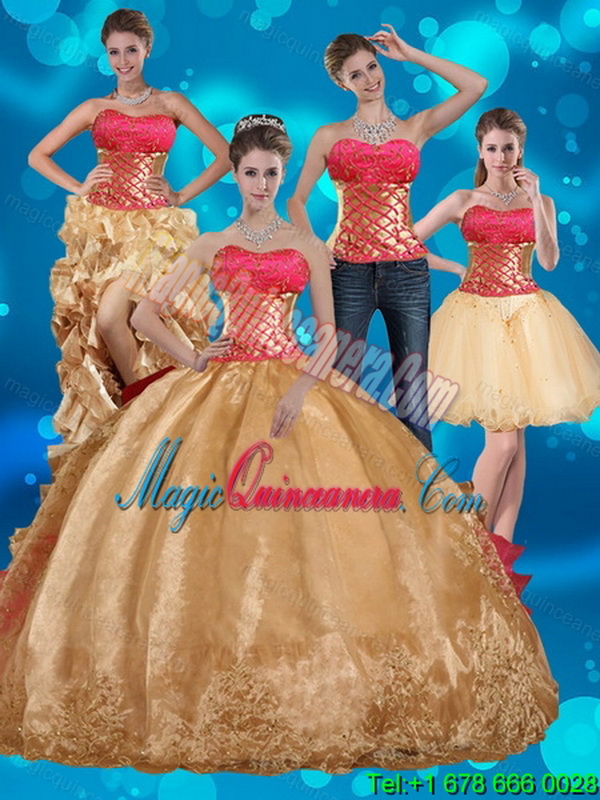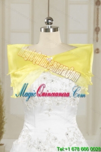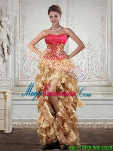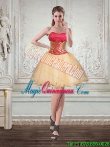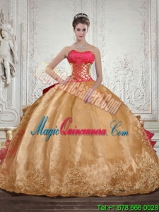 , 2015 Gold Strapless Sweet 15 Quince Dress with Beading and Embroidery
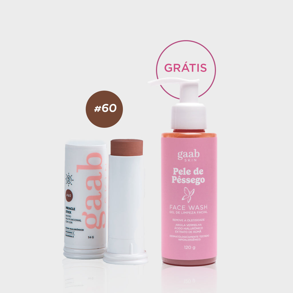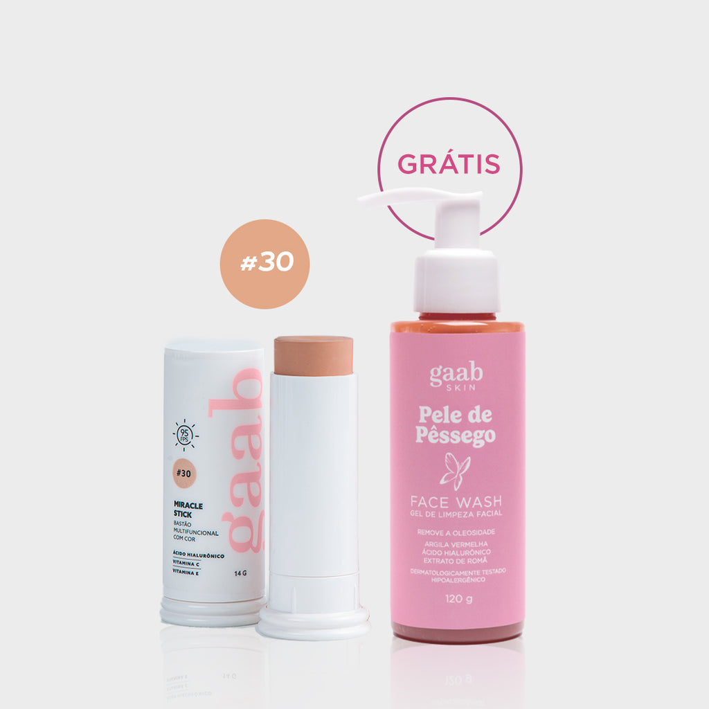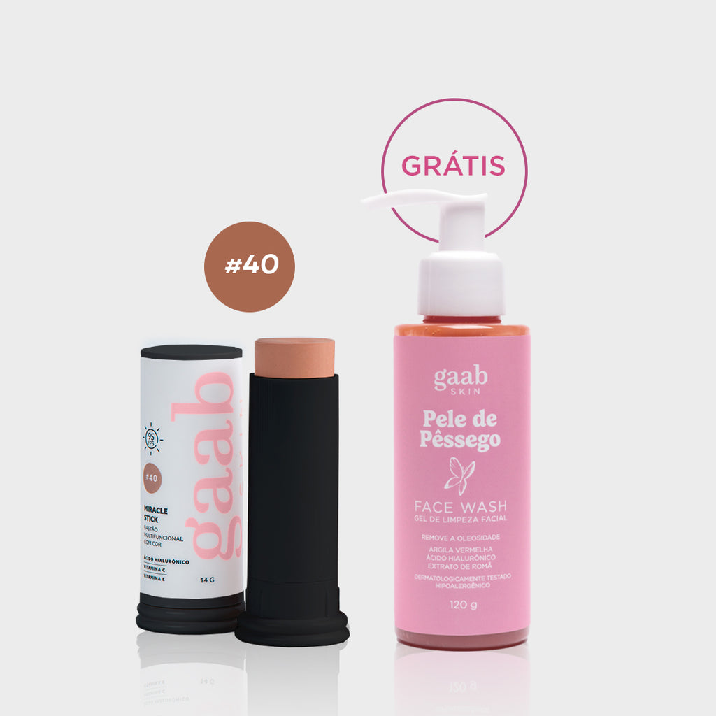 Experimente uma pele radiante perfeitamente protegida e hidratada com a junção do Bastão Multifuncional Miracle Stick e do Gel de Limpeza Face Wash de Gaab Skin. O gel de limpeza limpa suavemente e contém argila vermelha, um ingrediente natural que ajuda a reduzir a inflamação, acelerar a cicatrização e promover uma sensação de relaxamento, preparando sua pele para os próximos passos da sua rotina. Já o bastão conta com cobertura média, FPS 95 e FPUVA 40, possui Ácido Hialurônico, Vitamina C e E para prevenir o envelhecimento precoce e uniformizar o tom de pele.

......

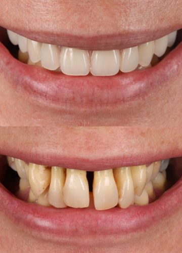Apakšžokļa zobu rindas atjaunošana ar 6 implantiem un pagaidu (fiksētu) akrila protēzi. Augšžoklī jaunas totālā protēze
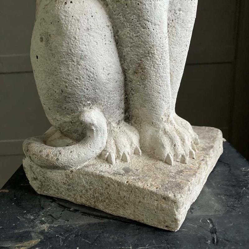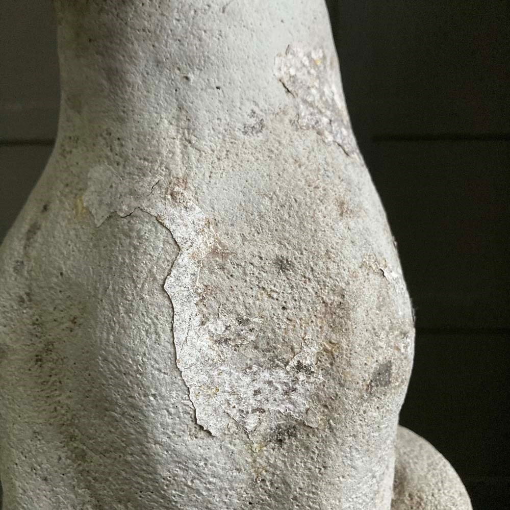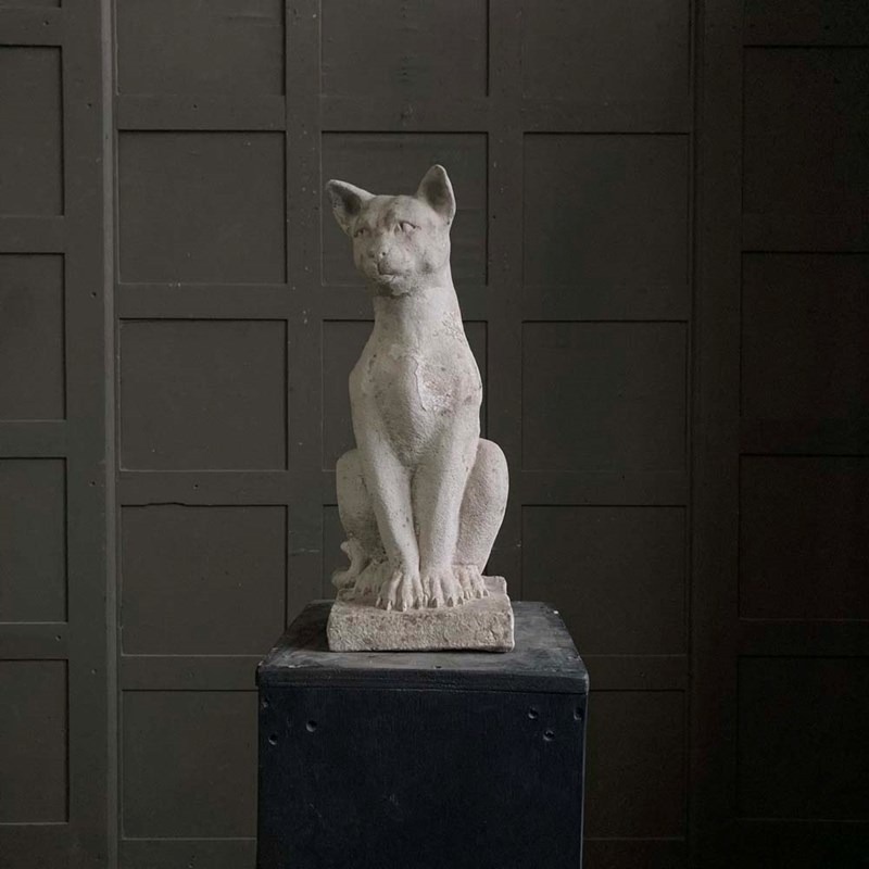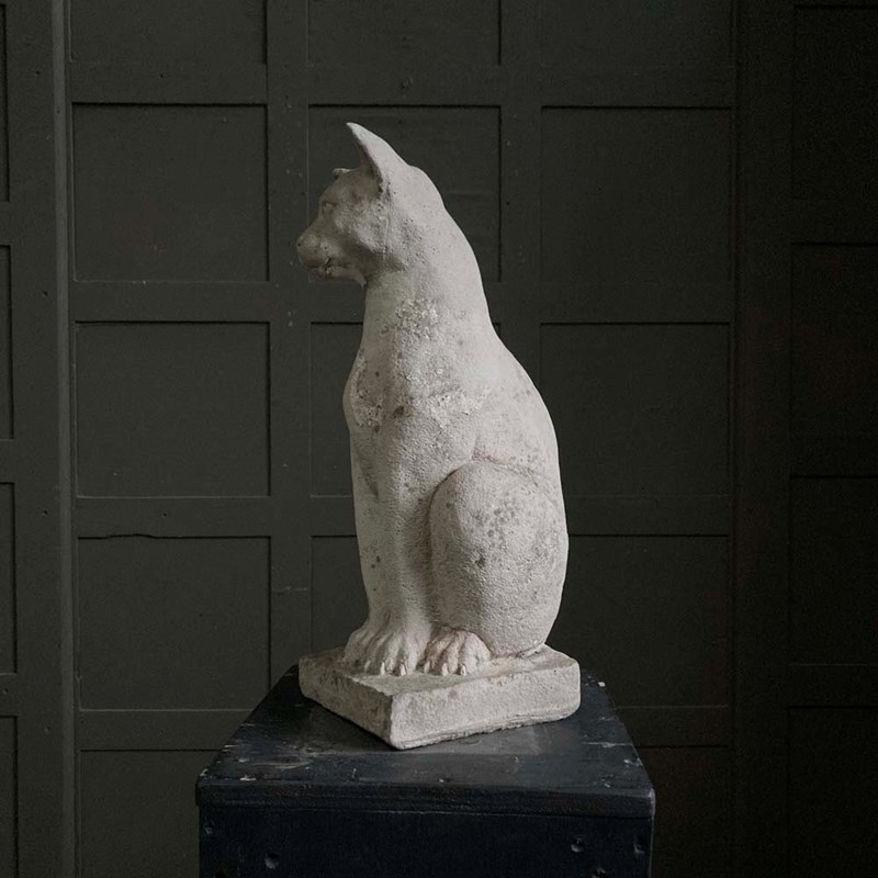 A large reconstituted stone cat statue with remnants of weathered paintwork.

......

**Work request**
Could you output exactly the lines above, from the line with "Apakšžokļa zobu rindas" up to and including the line with "A large reconstituted", and nothing else, skipping the pictures?

**Written response**
Apakšžokļa zobu rindas atjaunošana ar 6 implantiem un pagaidu (fiksētu) akrila protēzi. Augšžoklī jaunas totālā protēze
 A large reconstituted stone cat statue with remnants of weathered paintwork.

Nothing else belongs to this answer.